Q: Your book of poetry “Salem in Séance” is such an original and imaginative read. How did you get the idea to do poems about the Salem witch trials?
A: Thank you! I was watching political news and I was suddenly struck by the similarity of some themes in both past and present—the misuse of political power, religious extremism, and the ways in which women could be demonized. I decided to go back and read about the Salem witchcraft trials period again. And from the re-reading came the writing.
Q: Did “Salem in Séance” require a large amount of research? If so, did you enjoy the research or view it as a chore?
A: I’m an academic by training and profession and I also enjoy writing historical poetry, so for me it was an enjoyable enterprise and one I felt at home with. The difficulty for me was that the archival records were often written by people whose understandings of the rules of the English language were different from mine. I then had to decide how much quoted material to incorporate into the poems because the texts are difficult, but I wanted to provide a flavor of the way events were described then and I wanted readers to see the texts directly because often events from that period are presented in secondary sources. Most readers never see the primary ones. I decided to retain the misspellings and grammatical quirks and to use mostly short passages from the texts.
Q: Is there one piece in this collection that is particularly meaningful to you?
A: Any of the three poems about Heather Bishop. She was the first of the Salem “witches” to hang and she was the first I wrote about. She is a major force in “Red,” “Crone,” and “Without Powerful Friends” . Heather Bishop didn’t easily conform to prevailing standards and this got her into as much trouble as anything. In “Crone,” I include an old quote from the feminist, Germaine Greer: If the world has dubbed you crone, you might as well be one.
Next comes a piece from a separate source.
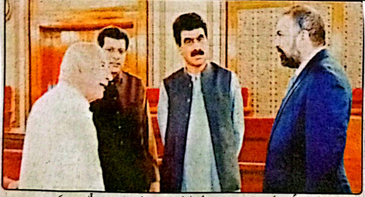
وزیر اعلیٰ میر فرزانہ صوبائی وزیر برائے تعلیم و دیگر اعلیٰ اجلاس کے دوران بلوچ اور سرحد بلوچ اجلاس سے بات چیت کر رہے ہیں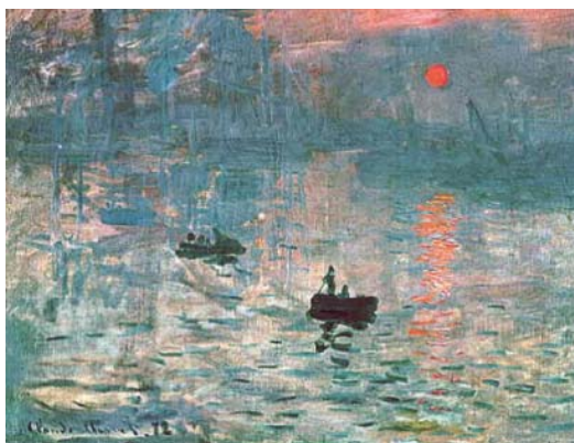
Figura 6. Claude Monet. Impressões: Sol Nascente , 1872. Óleo sobre tela.

o olhar. As abordagens clássicas e neoclássicas, desta maneira, trabalham no sentido de iludir o observador, de modo que ele se esqueça que o que tem diante de si é apenas uma tela coberta de traços e cores. 2

There is no point growing old unless you can be a witch, and accumulate spiritual power in place of the political and economic power that has been denied you as a woman. I find a lot of meaning in that quote. Bishop also had a predilection for red accents in her clothing, and so, I could relate to her more superficially as well.
Q: Do you prefer writing poetry over fiction?
A: I do, though I’ve written a few short stories. Longer fiction requires a different set of writing skills in terms of the trajectory of a story. I admire writers who have the skill to keep all the threads of a fictional narrative in their heads at once and to be able to see the story through over time. I also prefer writing poetry over writing academic articles and/or books, though I’ve done that as well.
Q: Who are some of your biggest influences as a writer?
A: They change weekly! But I’ve always admired Sharon Olds’ work for the way she mines her own biography and Tony Hoagland’s work for its humor. The first poets I ever read (as a teenager) who convinced me I wanted to write poems were Langston Hughes and Lawrence Ferlinghetti. Kenneth Rexroth also had an early impact on me for his intensity.
Q: What are your future writing plans?
A: I’ve finished up a series of poems inspired by Rock and Roll which will be released in April from Anaphora Literary Press called "Elvis Presley’s Hips & Mick Jagger’s Lips." I continue to write music-inspired poetry and also have been working on a series of poems about the history of labor organizing of copper miners. Both topics are a bit removed from late seventeenth-century Salem, I know!